When I was in elementary school, just as my buddies and I were discovering girls, we became interested in ID bracelets. An ID bracelet is an ornamental accessory that’s engraved with the wearers name given as a gift to bestow upon the girl he was “”going steady”” with. Like playing furtive games of Spin the Bottle (or the much racier Seven Minutes in Heaven), offering your ID bracelet to a girl was a rite of passage, a precursor to all of the inept fumbling and bumbling attendant to a boy’s ascendance to manhood.

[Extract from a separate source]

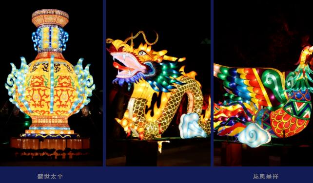 龍鳳呈祥燈組長15米,紋飾華美尊貴。高8米的盛世太平,形似“寶瓶”,以蒼龍鱗點綴,以孔雀紋裝飾,與一左一右的龍鳳相得益彰,有著龍鳳呈祥,盛世太平的吉祥寓意。

I also remember an other angst associated with ID bracelets but this one on a more personal level. Most of my friends bracelets were sterling silver. The one my mother bought me was stainless steel, which made it a much less valuable tool of seduction. It was among my first inklings that, financially speaking, people are not all created equal. And at that awkward age, I didn’t need any additional challenges to make a good impression on 12 year-old girls. So I did what every upwardly striving wannabe-rich-but-stolidly-middle-class kid would do: I tried to scratch off the stainless steel engraving.
My mother knew I wasn’t happy with my ID bracelet, so she took me to the jeweler for a return. That’s when I started getting nervous, because sure enough, the jeweler immediately noticed the scratch marks. I stood there denying my knowledge or involvement to the very end. I’m sure my mother knew that I was, somehow, responsible. I wish I knew the jeweler to apologize for my behavior.
I ended up giving my new ID bracelet to Debbie S., a perky brunette who was way cooler than me. She told me she lost it, but I’m not so sure. She probably just got tired of scraping off the stainless steel.